> **Work instruction**
In the data that follows, find the line with "(서울=뉴스1) 사진공동취재단 = 이창용"; transcribe it, every later line up to the one with "真珠だけでなく、日本における", and that line as well, exactly and with no others.

> **Data to use**

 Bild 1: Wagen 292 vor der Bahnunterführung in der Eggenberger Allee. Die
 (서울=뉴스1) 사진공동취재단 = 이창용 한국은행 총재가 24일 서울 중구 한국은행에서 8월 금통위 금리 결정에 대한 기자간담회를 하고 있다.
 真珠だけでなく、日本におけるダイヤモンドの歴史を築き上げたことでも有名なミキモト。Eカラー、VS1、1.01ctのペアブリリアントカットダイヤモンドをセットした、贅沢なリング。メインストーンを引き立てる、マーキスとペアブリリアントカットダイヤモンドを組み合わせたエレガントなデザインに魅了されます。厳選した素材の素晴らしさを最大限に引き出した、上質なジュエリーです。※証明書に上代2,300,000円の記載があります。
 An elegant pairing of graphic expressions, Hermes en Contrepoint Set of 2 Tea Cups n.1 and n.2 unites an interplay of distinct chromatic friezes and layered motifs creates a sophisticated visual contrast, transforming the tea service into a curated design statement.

* * *

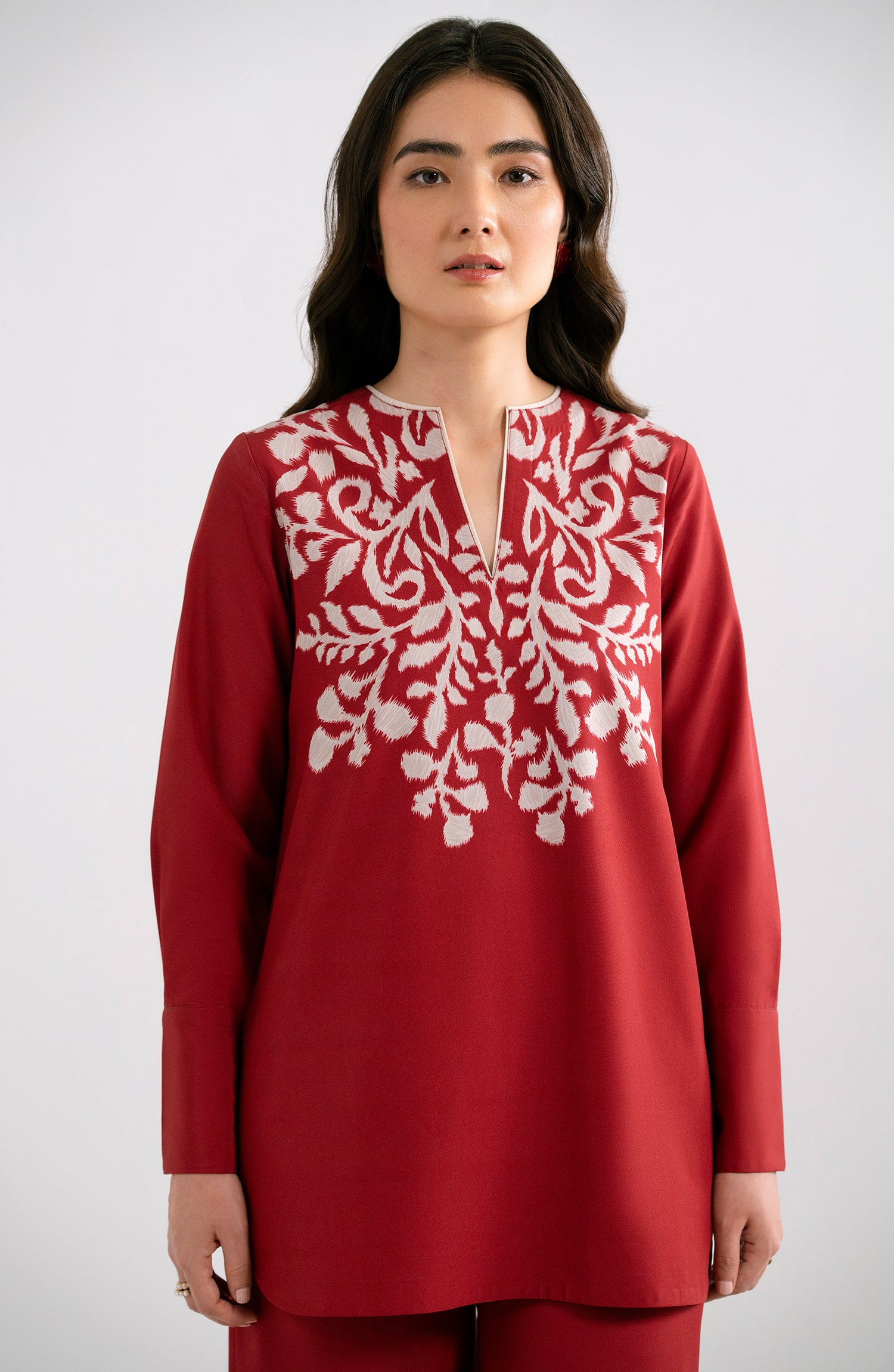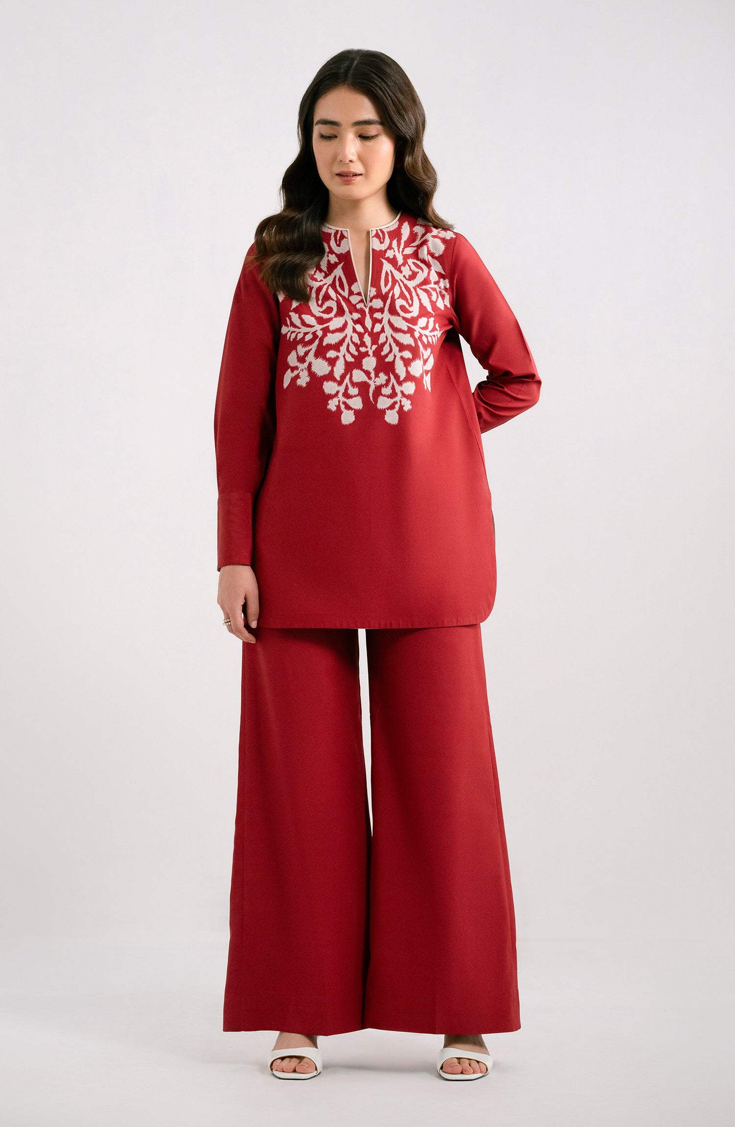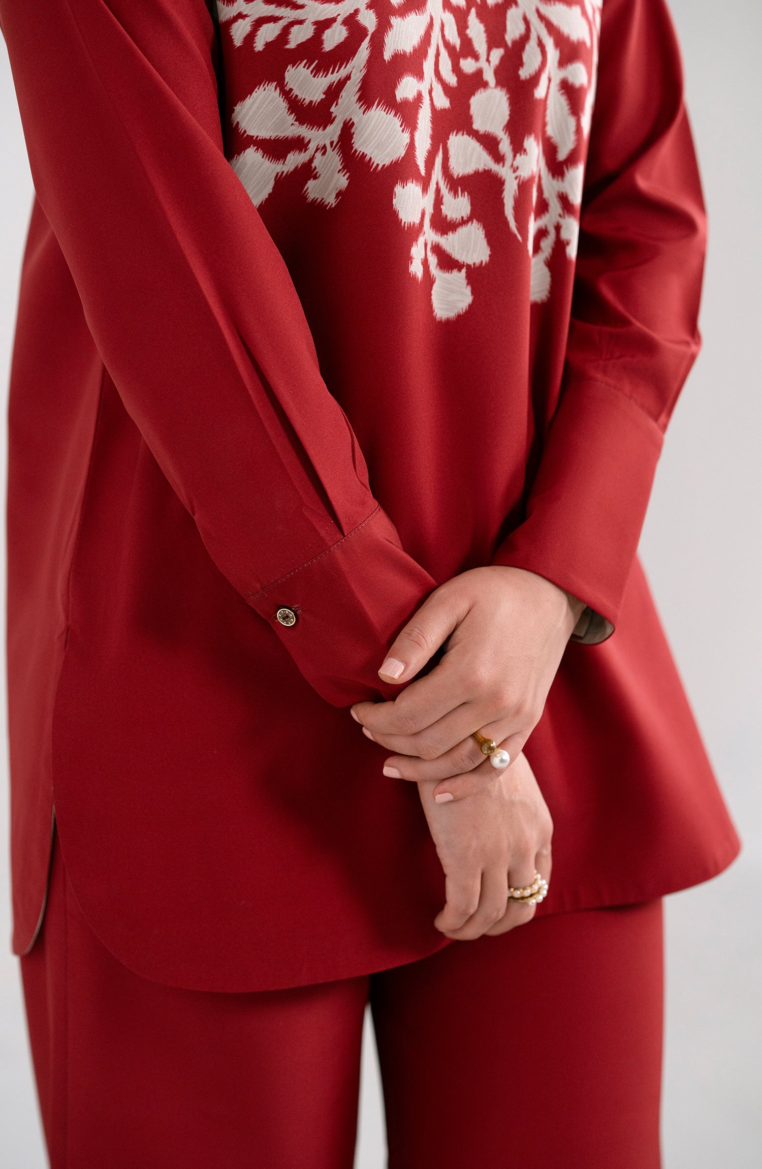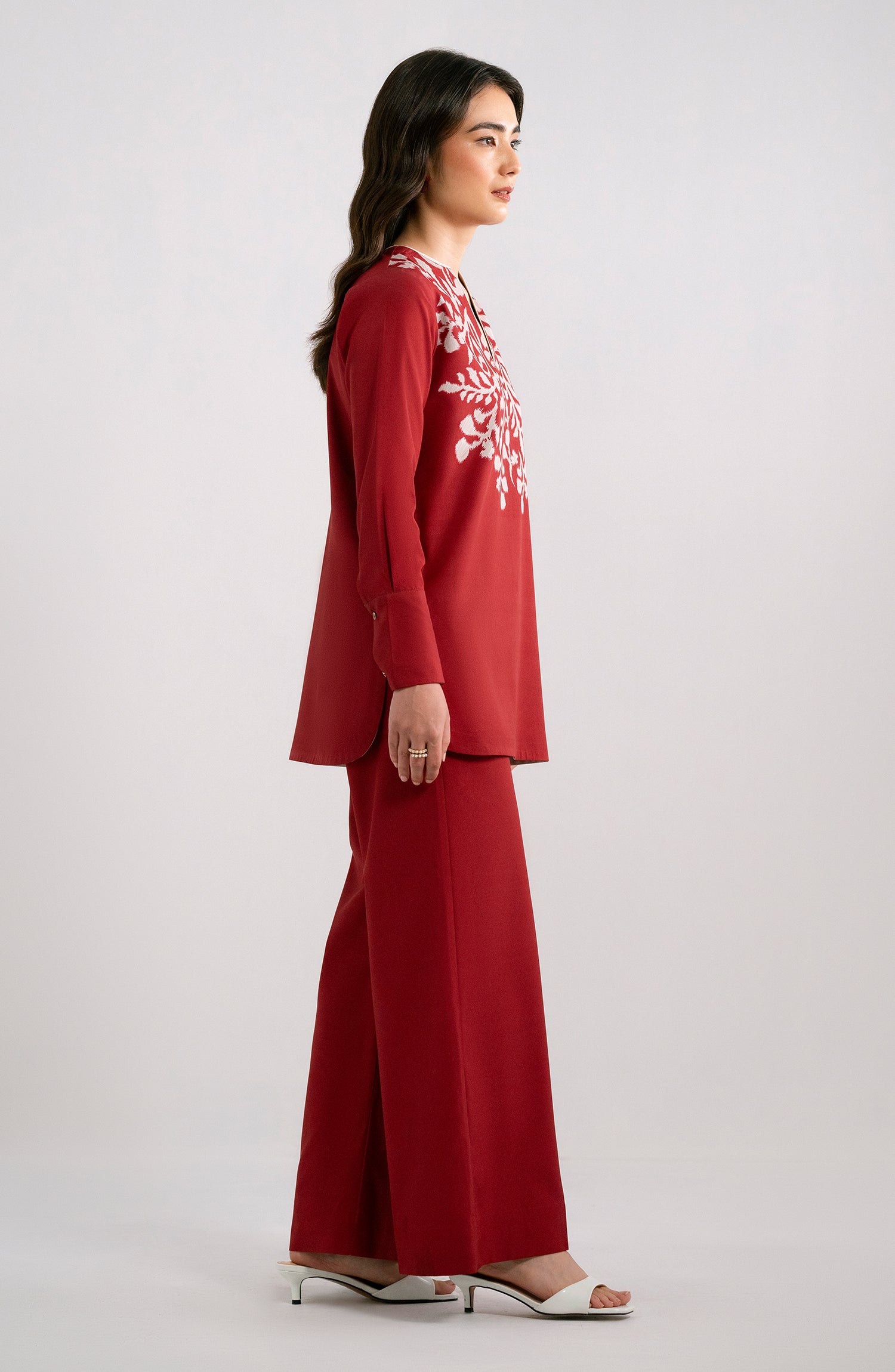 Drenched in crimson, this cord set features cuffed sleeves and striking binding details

* * *

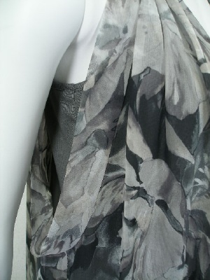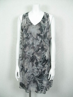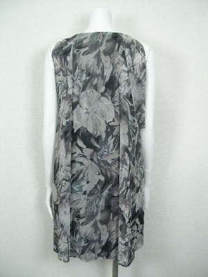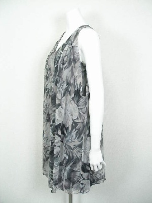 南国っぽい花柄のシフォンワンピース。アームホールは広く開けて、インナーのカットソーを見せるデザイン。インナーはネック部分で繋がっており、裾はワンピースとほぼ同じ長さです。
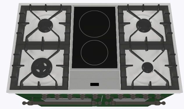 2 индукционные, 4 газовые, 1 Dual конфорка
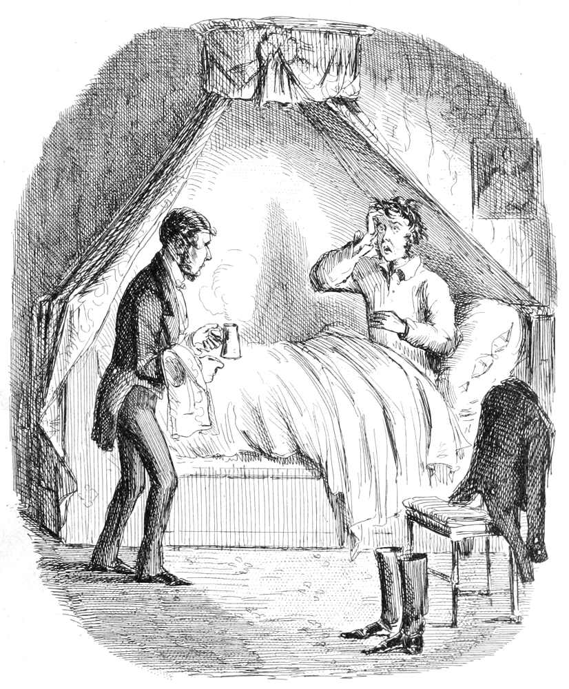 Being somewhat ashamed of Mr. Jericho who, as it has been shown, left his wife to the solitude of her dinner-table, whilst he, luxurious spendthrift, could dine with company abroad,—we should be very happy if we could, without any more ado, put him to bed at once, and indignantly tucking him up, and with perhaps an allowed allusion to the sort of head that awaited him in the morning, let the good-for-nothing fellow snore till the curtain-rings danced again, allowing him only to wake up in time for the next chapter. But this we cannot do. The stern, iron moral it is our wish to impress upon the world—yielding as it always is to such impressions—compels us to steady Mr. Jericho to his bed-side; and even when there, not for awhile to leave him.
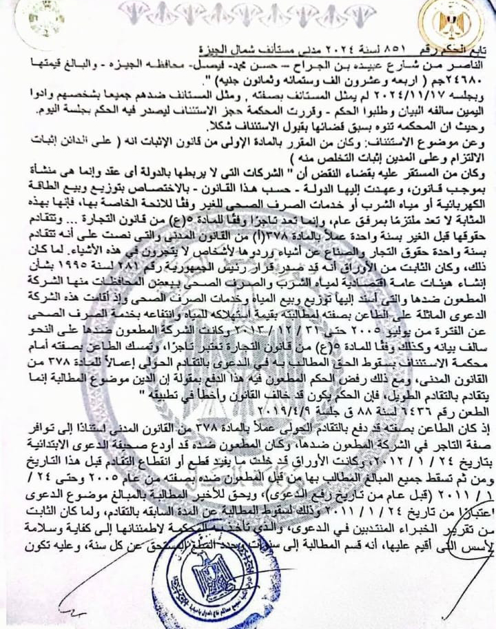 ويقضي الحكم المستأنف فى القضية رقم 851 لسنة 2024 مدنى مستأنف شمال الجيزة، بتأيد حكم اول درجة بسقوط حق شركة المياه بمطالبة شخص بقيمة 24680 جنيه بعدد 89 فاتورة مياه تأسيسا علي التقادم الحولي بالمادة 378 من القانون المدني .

> **Response to the exercise**
 (서울=뉴스1) 사진공동취재단 = 이창용 한국은행 총재가 24일 서울 중구 한국은행에서 8월 금통위 금리 결정에 대한 기자간담회를 하고 있다.
 真珠だけでなく、日本におけるダイヤモンドの歴史を築き上げたことでも有名なミキモト。Eカラー、VS1、1.01ctのペアブリリアントカットダイヤモンドをセットした、贅沢なリング。メインストーンを引き立てる、マーキスとペアブリリアントカットダイヤモンドを組み合わせたエレガントなデザインに魅了されます。厳選した素材の素晴らしさを最大限に引き出した、上質なジュエリーです。※証明書に上代2,300,000円の記載があります。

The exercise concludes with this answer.